Rescue workers had earlier brought the victims’ bodies to the police station, where families of the dead had gathered. Distraught relatives had also waited outside the daycare centre well into the night.

‘I don’t know what to do next’

Police said the armed attacker broke into the building just after lunch time on Thursday, shooting his way past a teacher and parent outside.

Witnesses said he first shot staff – including a teacher who was eight-months pregnant- before forcing his way past teachers into a room where children were napping.

Police said he stabbed most of his victims before fleeing.

Headteacher Nanticha Panchum told the BBC she had just sent the children off for their nap when she heard gunshots.

Usually the centre looked after 92 children on site but because of poor weather and a bus breakdown, there were only 24 there at the time.

Only one child survived, Ms Nanticha said.

“This is something I never dreamed of… I don’t know what to do next. I really can’t think of anything at the moment,” she told the BBC.

The attacker’s son went to the centre but hadn’t been attending for a month, she said. He was recognised by one of her colleagues when he burst in.

Soon after news of the attack emerged, Thai Police published an online manhunt appeal – identifying the man as Panya Kamrab, a local man.

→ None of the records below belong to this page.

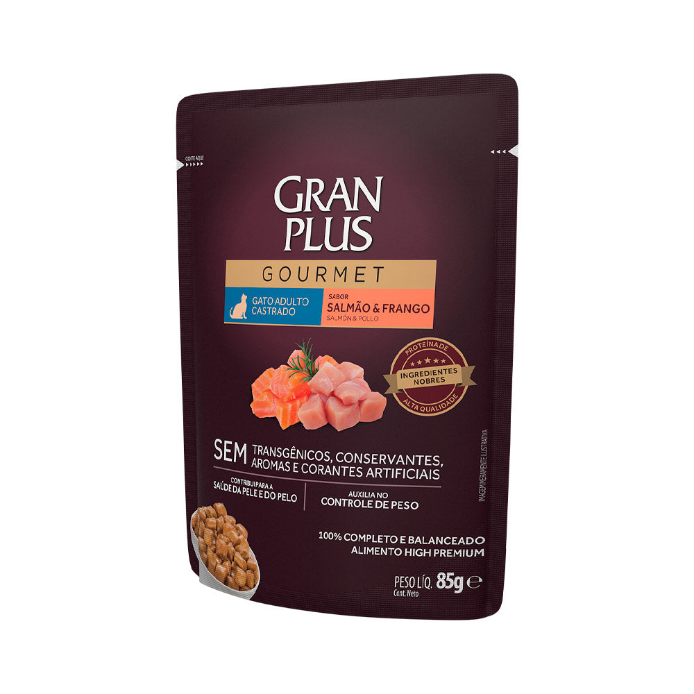Ração Úmida GranPlus Gourmet Sachê para Gatos Castrados Sabor Salmão e Frango 85g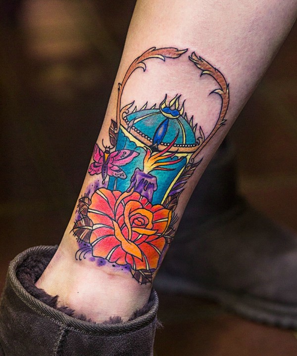 五颜六色的另类图腾腿部纹身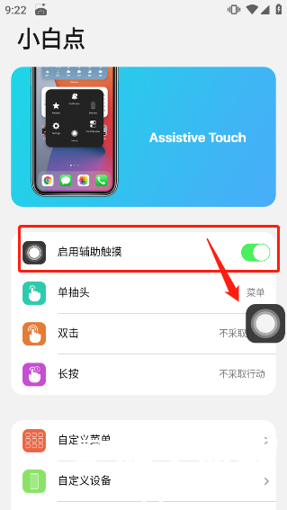 7、权限都打开后点击启动辅助触摸,即可启动“小白点”
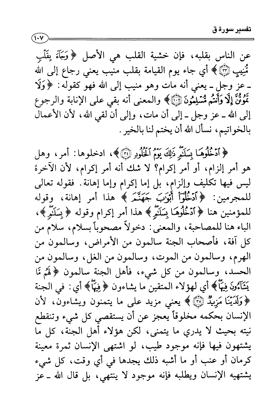 {ادخلوها بسلام ذلك يوم الخلود} ، ادخلوها: أمر، وهل هو أمر إلزام، أو أمر إكرام؟ لا شك أنه أمر إكرام، لأن الآخرة ليس فيها تكليف وإلزام، بل إما إكرام وإما إهانة. فقوله تعالى للمجرمين: {ادخلوا أبوب جهنم} هذا أمر إهانة، وقوله للمؤمنين هنا {ادخلوها بسلام} هذا أمر إكرام وقوله {بسلام} ، الباء هنا للمصاحبة، والمعنى: دخولاً مصحوباً بسلام، سلام من كل آفة، فأصحاب الجنة سالمون من الأمراض، وسالمون من الهرم، وسالمون من الموت، وسالمون من الغل، وسالمون من الحسد، وسالمون من كل شيء، فأهل الجنة سالمون {لهم ما يشاءون فيها} أي لهؤلاء المتقين ما يشاءون {فيها} أي: في الجنة {ولدينا مزيد} يعني مزيد على ما يتمنون ويشاءون، لأن الإنسان بحكمه مخلوقاً يعجز عن أن يستقصي كل شيء وتنقطع نيته بحيث لا يدري ما يتمنى، لكن هؤلاء أهل الجنة، كل ما يشتهون فيها فإنه موجود طيب، لو اشتهى الإنسان ثمرة معينة كرمان أو عنب أو ما أشبه ذلك يجدها في أي وقت، كل شيء يشتهيه الإنسان ويطلبه فإنه موجود لا ينتهي، بل قال الله - عز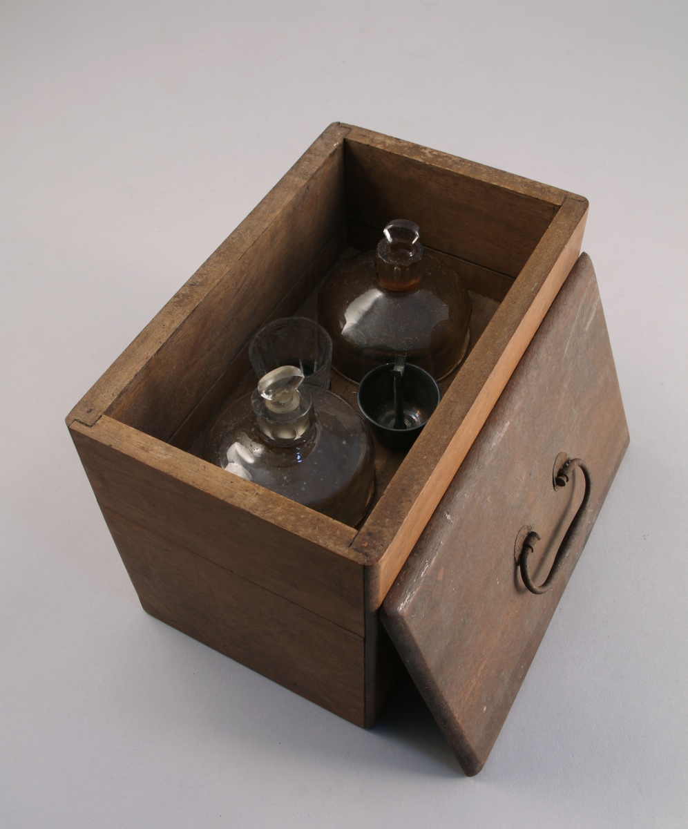 COFFRET à parfum en bois naturel. Paire de flacons en verre, petit verre à pans coupés, entonnoir argenté. Seconde moitié du XIXè.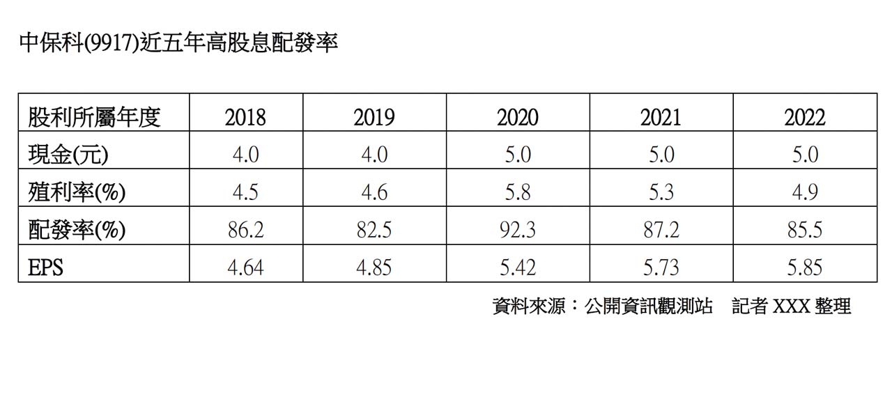 中保科股東會通過2022年財務報表,公司合併營收為153.6億元,稅後淨利26.8億元,每股稅後盈餘(EPS)5.85元創新高,較110年度成長2.09%。今年也將每股配發5元現金股利,維持中保科連續35年的穩健的配息政策,回饋股東及投資大眾,而2022年天下雜誌最新公布的兩千大調查當中,在服務業最會賺錢企業中,中興保全科技就名列第44名。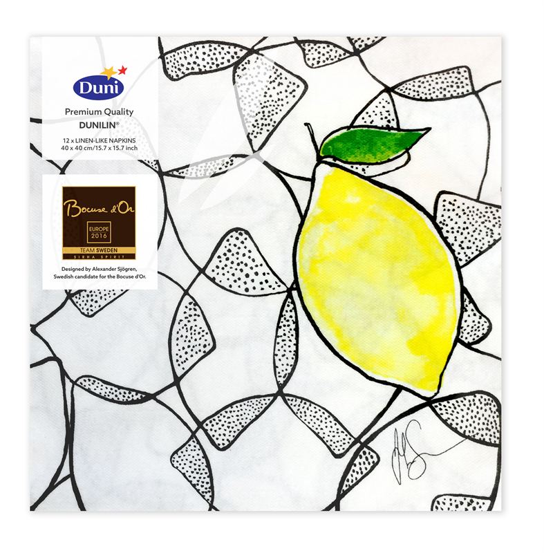 ”Vi är stolta över att Alexander Sjögren tillsammans med oss arbetat fram en ett unikt motiv som vi med glädje sätter på vår servett”, säger Tina Andersson, affärsområdesdirektör Consumer & Corporate Marketing på Duni. ”Servettdesignen symboliserar inte bara Alexanders matlagning, den ger även en subtil vinkning till en av årets stora trendfärger – gult. Den lyfter också fram citronens särskilda form och textur, nästan likt en målning. Vi ser fram emot att lansera servetten i bredare omfattning under 2016.”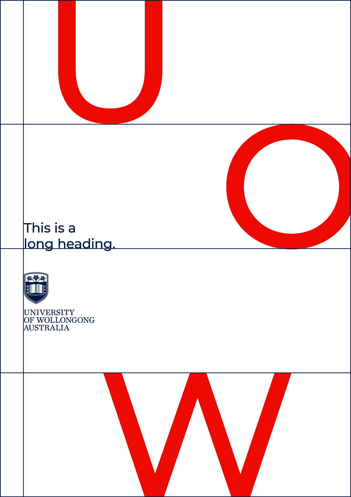 The UOW framework acts to frame content. The row system can be used to help guide the position of elements such as logo and headline. These are interchangeable, depending on where the UOW framework sits. As a guide, logo and headline can sit either ranged left or centred.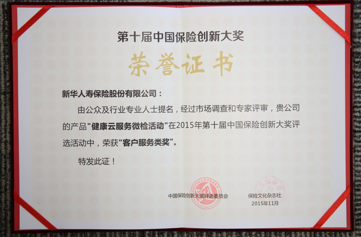 2015中國保險創(chuàng)新大獎--客戶服務(wù)類獎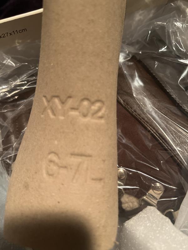 The size 6- but the shoe is off ! Defective for sure- I look in the stuffing it says 6-7!L!! Its huge Wow unbelievable false advertisement- and now the smaller size is gone. Smh Details about the shoe truthfully!! Not false advertising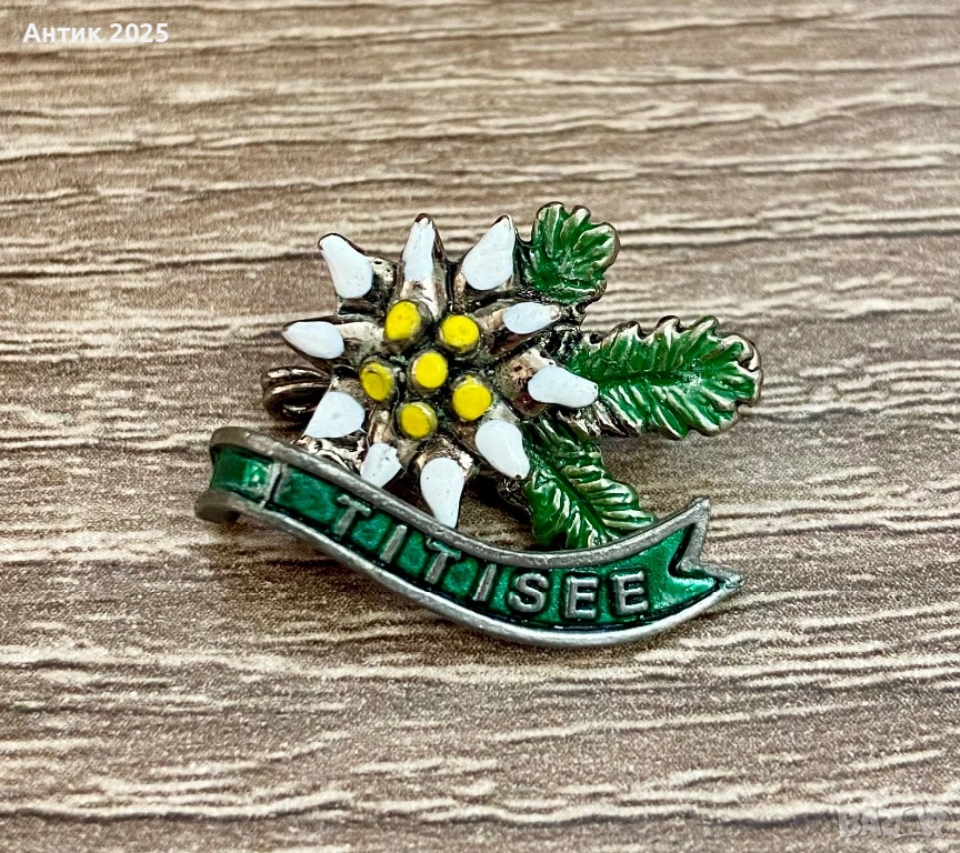 Винтидж емайлирана сувенирна брошка-значка „Еделвайс“ от Титизе, Германия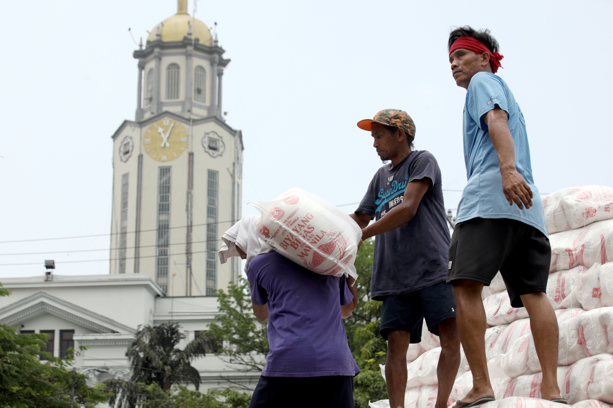 Workers load sacks of rice onto a truck at the Kartilya ng Katipunan in Manila on Tuesday (April 21, 2026) as part of a government relief program. Five trucks delivered 16,161 sacks of 10-kg. rice from the Bicol Region for distribution to selected barangays, supporting assistance to low-income households. (PNA photo by Yancy Lim)

He was a former officer who had been fired in June for drug use, police later said.

Officers who rushed to the nursery were confronted with the bodies of adults and children, some of them very young, lying inside and outside the building.

“We found that the perpetrator tried to break in and he mainly used a knife to commit the crime by killing a number of small children,” said Police Chief Damrongsak Kittiprapat.

“Then he got out and started killing anyone he met along the way with a gun or the knife until he got home.

“We surrounded the house and then found that he committed suicide in his home.”

Police said Kamrab returned home, killing his wife and son before taking his own life.

He had appeared in court the morning of the attack on charges related to the use and possible sale of methamphetamine. He had been due to face a verdict on Friday.

Mass shootings in Thailand are rare, although gun ownership rates are relatively high for the region. Illegal weapons are also common in the south-east Asian country, according to the Reuters news agency.

The nursery attack comes less than a month after an army officer shot dead two of his colleagues at a base in Bangkok.

In 2020 a soldier killed 29 people and injured dozens more in the city of Nakhon Ratchasima.